A atitude de Obama na ONU considerando Assad “tirano”, a ser “removido” do governo sírio, no papel de semideus, não procede. Quem apoia Al-Sisi, ditador que já condenou à morte 1,7 mil adversários políticos e doa todos os anos, há mais de 25 anos, milhões de dólares ao Exército egípcio, para afastá-lo de intervenções no Oriente Médio e tolerar Israel, não tem moral para acusar Assad. A política dos EUA no Oriente Médio tem sido sistematicamente a da conivência com tiranos aliados e a do porrete (big stick) para os recalcitrantes, sem levar em conta as sociedades civis. Senão vejamos. Com a Arábia Saudita e Emirados da península arábica a aliança é total (petróleo, bases, armamento), mas o Iêmen é tratado a pão e água. No entanto, são monarquias absolutistas, infensas à democracia, jamais fizeram nem sequer uma eleição, exploradoras da mão de obra estrangeira, distantes dos direitos humanos fundamentais, onde as mulheres nem sequer podem dirigir carros. O Líbano, depois da guerra civil estimulada pelos EUA, conseguiu sobreviver democraticamente, é não alinhado. A Turquia, sede do antigo império Otomano, tornou-se uma democracia laica obrigatória, há um século, pela revolução europeizante do general Atatürk. É membro da Otan (tem tratados com o Ocidente), não lhe causa problemas, embora seja contra os curdos, um povo sem estado.

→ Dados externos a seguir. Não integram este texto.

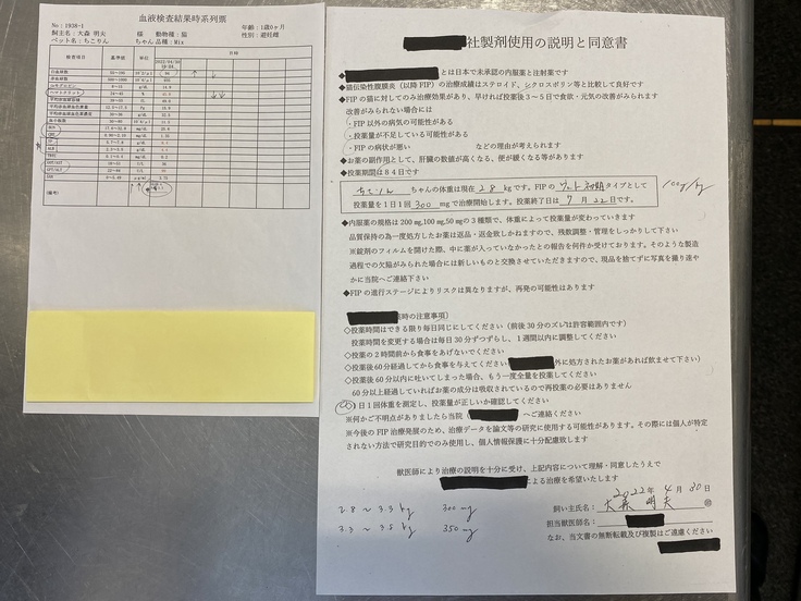かかりつけの病院では対症療法しか出来ない為、その日からFIP治療に対応している病気が近くにないか、夫婦二人で必死に探しました。
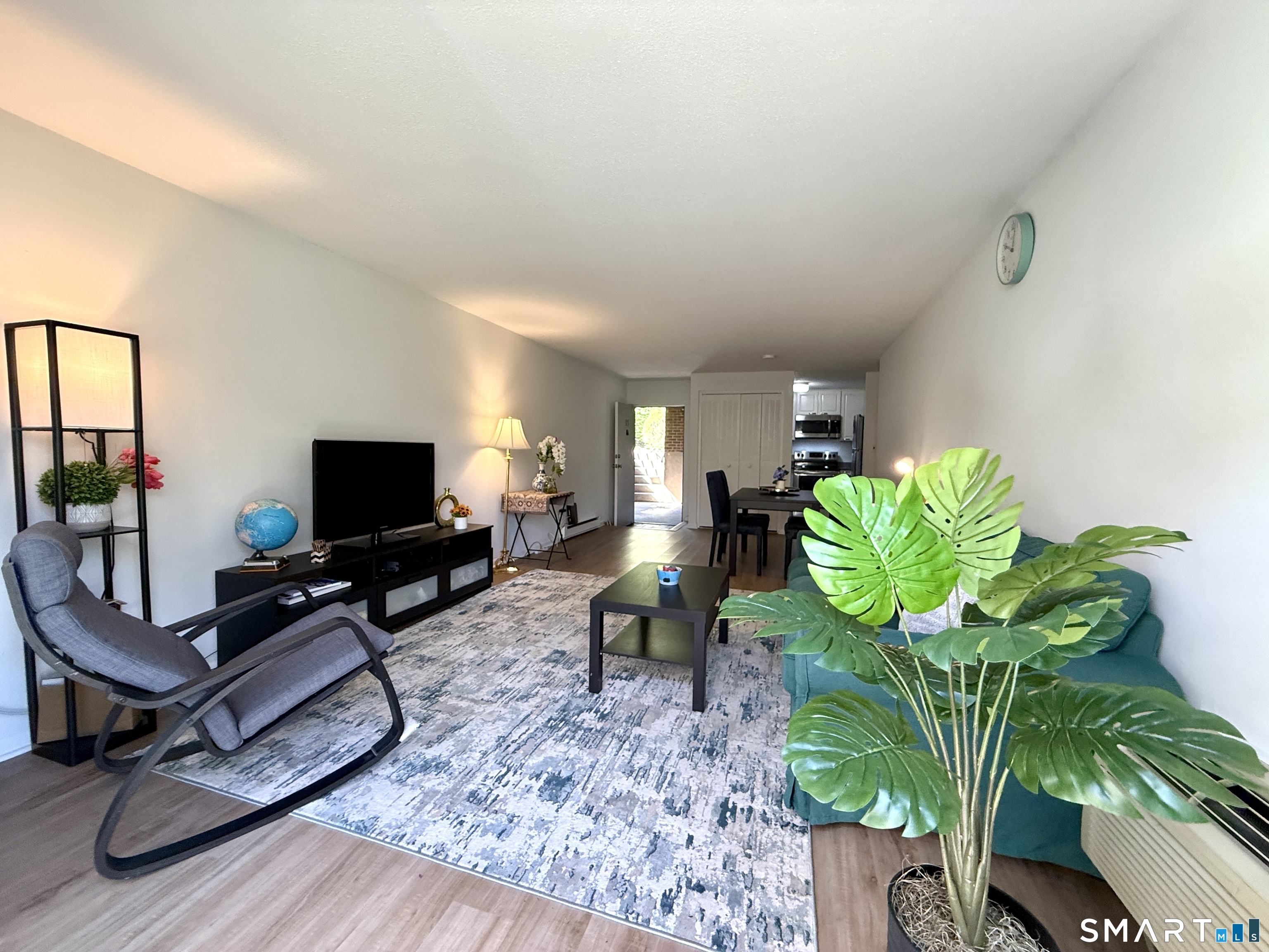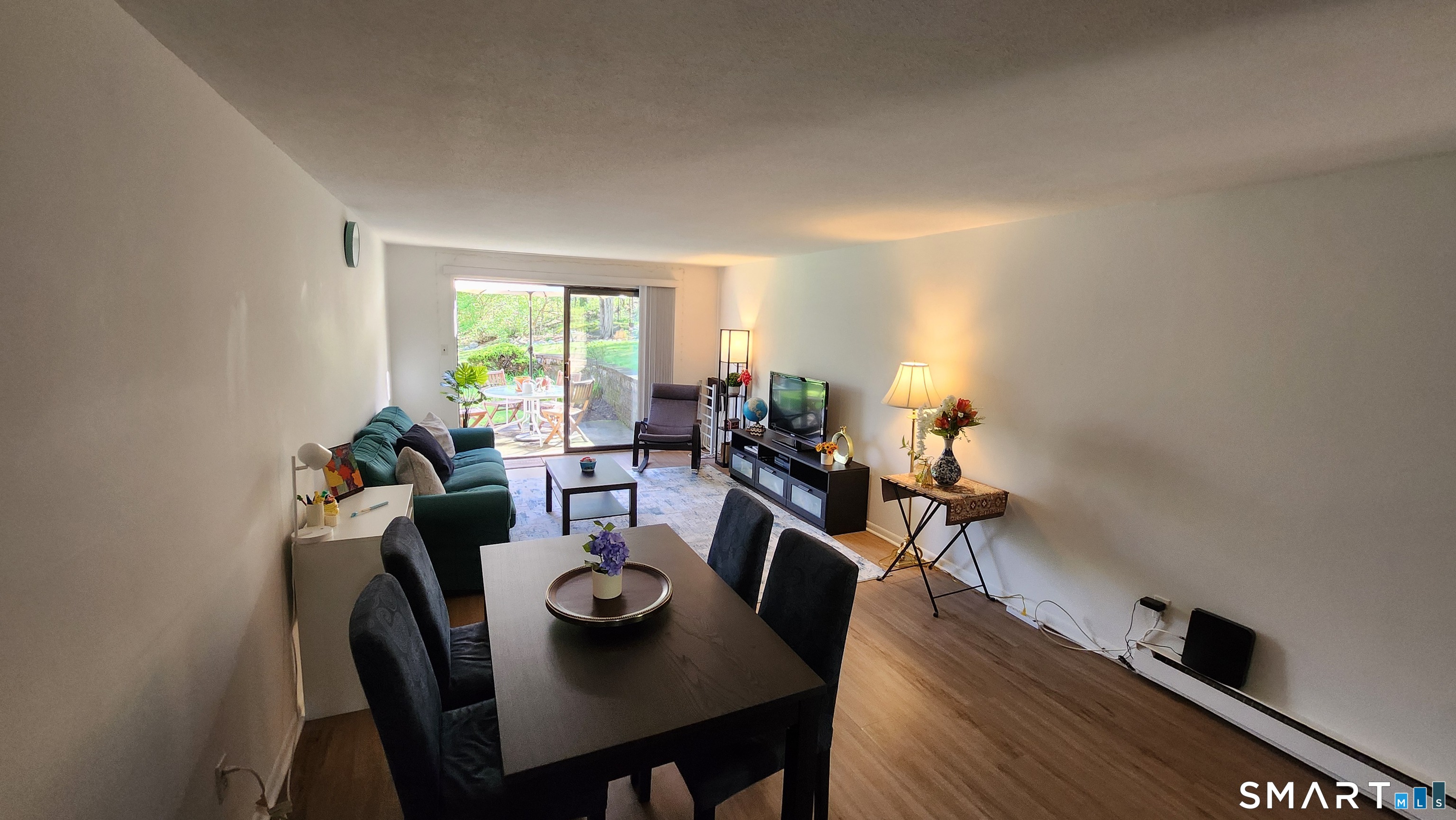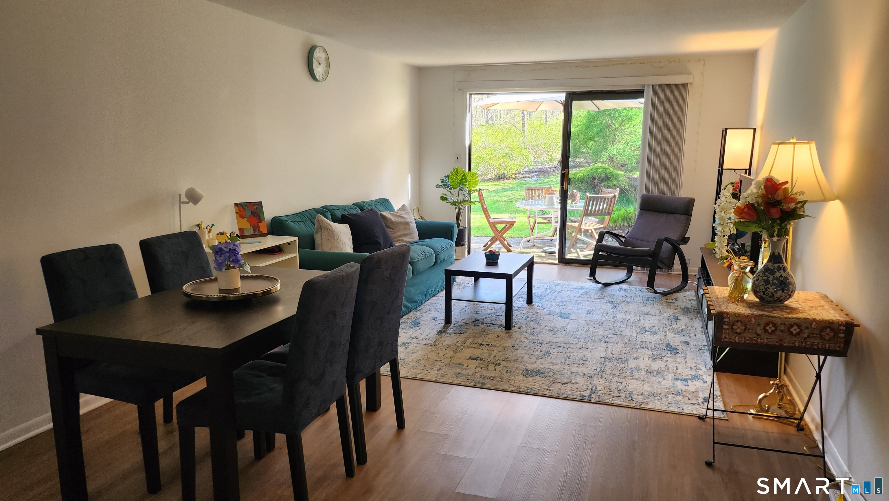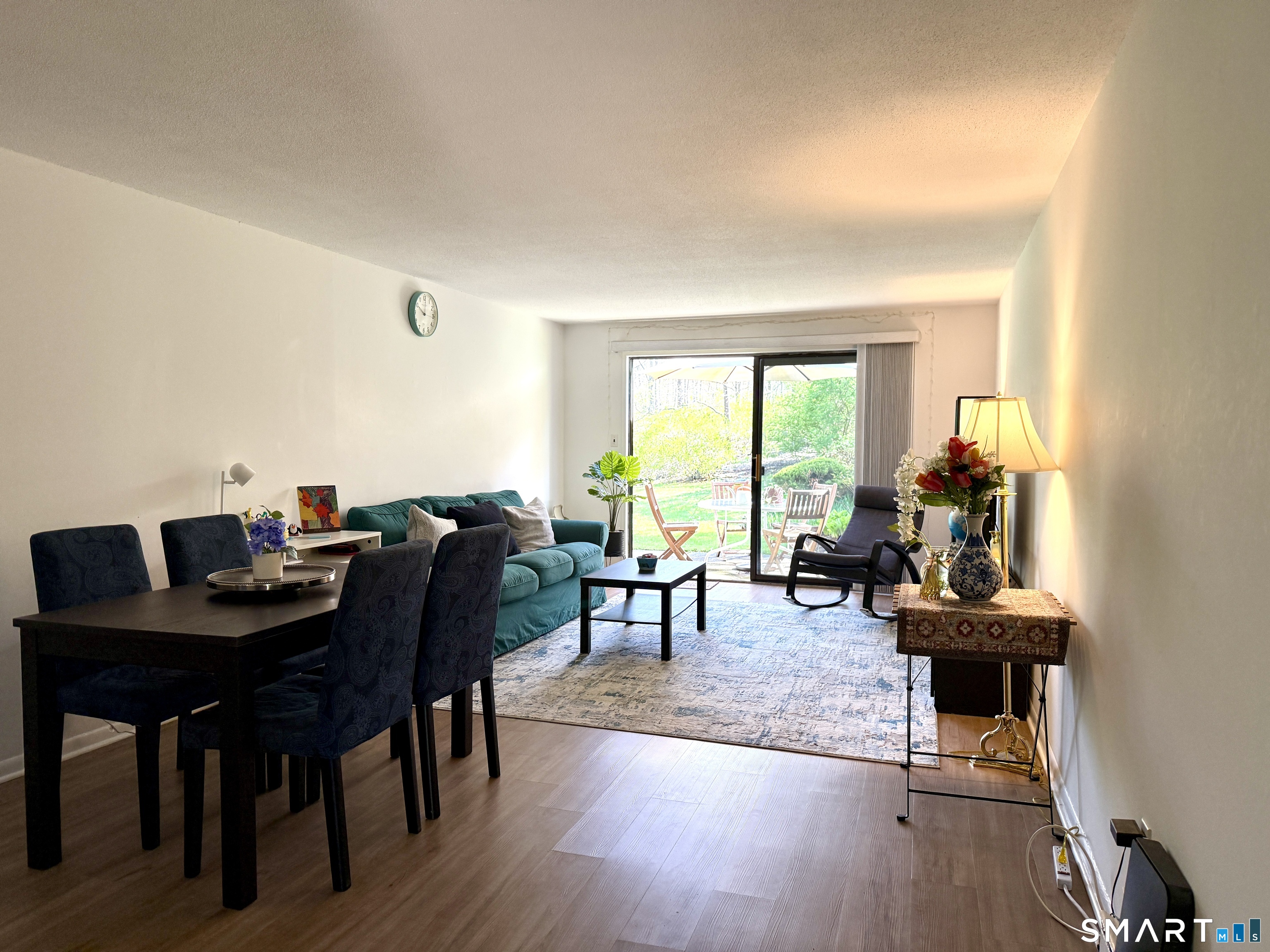 Prime end-unit two-bedroom residence in the highly sought-after Wilton Crest community, ideally located just steps from convenient parking. This bright, move-in ready home offers exceptional privacy and abundant natural light throughout. The living room and both bedrooms feature sliding doors that open to a private patio overlooking beautifully manicured gardens and lawn, creating a seamless indoor-outdoor setting perfect for relaxing or entertaining. The interior showcases beautiful laminate flooring throughout the living space, complemented by elegant granite countertops and modern stainless-steel appliances in the kitchen. The thoughtfully designed layout balances comfort and functionality for effortless everyday living. Residents enjoy resort-style amenities, including a swimming pool and tennis court, all within a walkable setting close to downtown Wilton, nearby scenic trails and Schenck's Island. Additional highlights include private storage space and brand-new smart laundry units in the community basement, professional management, and easy commuter access. A rare opportunity for effortless, low-maintenance living in one of Fairfield County's most desirable communities-offering the charm of a true New England town. Arguably one of the best values currently available in Wilton - come experience it for yourself. ASKING FOR HIGHEST & BEST OFFERS BY 12 NOON, MONDAY, APRIL 27th.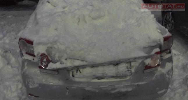 В Казани снежная лавина с крыши здания повредила три иномарки. Видео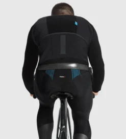 - Mini Gilet: se trata de una capa de aislamiento altamente transpirable que cubre la parte superior del pecho y la garganta. La cremallera se ha desplazado hacia un lado para facilitar la superposición de capas.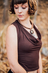 Crafted from luxuriously soft and breathable bamboo viscose, the Spirit Top in Chocolate offers an elegant blend of comfort and style. This cowl neck design drapes beautifully, enhancing your silhouette with gentle fluidity. Ethically handmade in Bali, Indonesia, each piece reflects careful craftsmanship and meaningful intention. The rich chocolate hue complements a variety of wardrobes, exuding understated sophistication. Available in a size Small as modeled, with detailed measurements accessible via our sizing chart to ensure the perfect fit. For a personalized touch, custom length alterations can be requested during purchase, allowing you to tailor this timeless top to your unique proportions.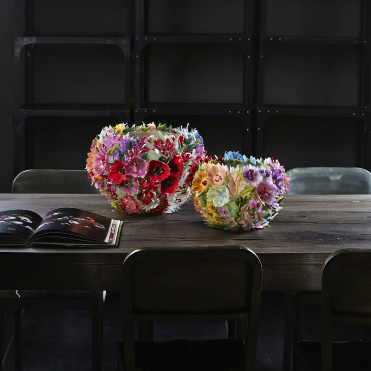 Ein Kunstobjekt mit farbenprächtigen authentischen Blüten Arrangements, das die positive visuelle Kraft von Farben vereint und unmittelbar die Stimmung verwandelt.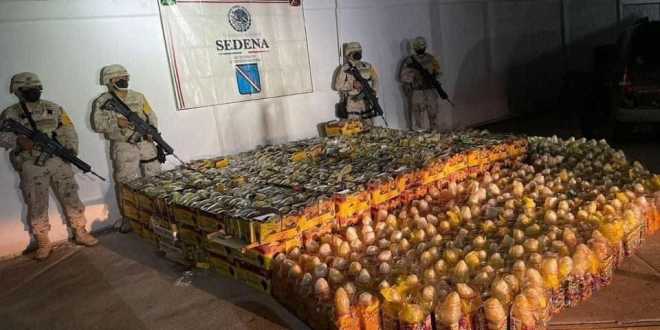 Derivado de lo anterior y de la planeación operativa, integrantes del Ejército Mexicano intensificaron patrullajes de vigilancia en citado poblado, observando a dos individuos en el exterior de una construcción en obra negra, mismos que al notar la presencia de los militares emprendieron la huida, dejando abandonados diversos contenedores, bolsas y hieleras; por consiguiente, se implementó un dispositivo de seguridad y se realizó una revisión minuciosa a lo localizado, asegurando lo siguiente: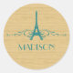 Elegantes y modas Pegatinas floridos franceses con un aspecto falso de madera y un diseño de la Torre Eiffel en verde azulado adornado con cascadas de elegantes remolinos. Este diseño elegante y elegante es fácil de personalizar con el texto personalizado de su elección. Haga clic en "Personalizar" para encontrar más opciones de personalización.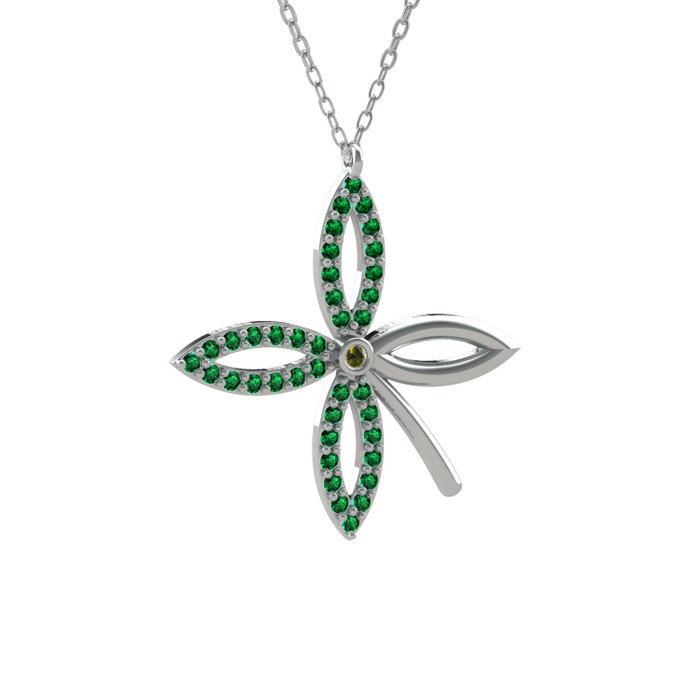 Peridot ve yeşil kuvars 18 ayar beyaz altın kolye (40 cm beyaz altın rolo zincir)

Os EUA tinham algumas diferenças na região e interesse vital no petróleo ali existente (agora já são autossuficientes). Como agiram nesses casos? Usaram e abusaram de Saddam Hussein para maltratar os xiitas majoritários no país. Venderam-lhe bilhões em armas e aviões para guerrear o Irã, que rompeu com os EUA após derrubar o xá Reza Pahlevi, pró-americano, lá posto depois que a CIA operou a deposição do primeio-ministro Mossadeg, que havia nacionalizado o petróleo (conforme os arquivos da Universidade George Washington, abertos ao público). Para vingar “simbolicamente” a derrubada das torres gêmeas, Bush e Blair nomearam Saddam “tirano” e “detentor de armas químicas” inexistentes, invadiram o Iraque, desarticularam tudo e foram embora, deixando milhares de mortos e estropiados. O mesmo ocorreu com o Afeganistão. Os EUA treinaram os talibãs, grupo ligado ao fundamentalismo da Arábia Saudita, para lutar contra os russos que invadiram o Afeganistão (por insuflar fanatismo nas repúblicas soviéticas cazaques e usbeques que lhe eram vizinhas). Foi nesse lance que surgiu a Al-Qaeda. Bin Laden, um dia, foi “instrutor” a serviço da CIA. Com a retirada dos russos e a derrocada da União Soviética, a Al-Qaeda voltou-se contra seu criador e derrubou as torres gêmeas. Foi invadido para “caçar Bin Laden”, que já vivia no Paquistão. O governo, totalmente desorganizado pela guerra, com 3 milhões de deslocados, tem o domínio de 20% do território. O Talibã e o terror sunita mandam no resto. Há dias os EUA destruíram um hospital, matando nove médicos sem fronteiras.

Os Assads e os alauitas (seita xiita moderada), sem oposição do Ocidente, governaram a Síria por cinco décadas. Apesar dos esforços ameaçadores, o país se manteve aliado firme do Irã e da Rússia contra o terrorismo sunita (todos os grupos terroristas são sunitas, nenhum xiita) e são financiados pelos magnatas da península arábica e doações da irmandade muçulmana. Sob os Assads, cristãos, drusos e armênios viviam em paz. Os sunitas, porém, estavam descontentes. De repente, Assad é tido por “tirano” e “liberticida” e logo atacado por uma chusma de terroristas financiados pela Turquia, EUA e Arábia Saudita.

As massas árabes foram humilhadas pelo Ocidente desde a queda do Império Otomano e o odeia. Apelando para os “valores do islã”, a Jihad (missão, guerra santa) entusiasma os jovens islamitas. Então surge dentro de um Iraque em frangalhos e de uma Síria dividida um imenso território sob o domínio de uma facção incontrolável sunita, a semear terror por onde passa. Em terra, somente os “pershemegas” (os que não temem morrer) curdos e arianos, como os persas do Irã, lhe fazem frente, junto com o Exército sírio.

Os russos, o Iraque, os iranianos e os curdos derrotarão o califado a ferro e fogo, traçarão a linha ao Sul da Eurásia, no Oriente Médio, além da qual os terroristas sunitas não passarão (nem a Otan).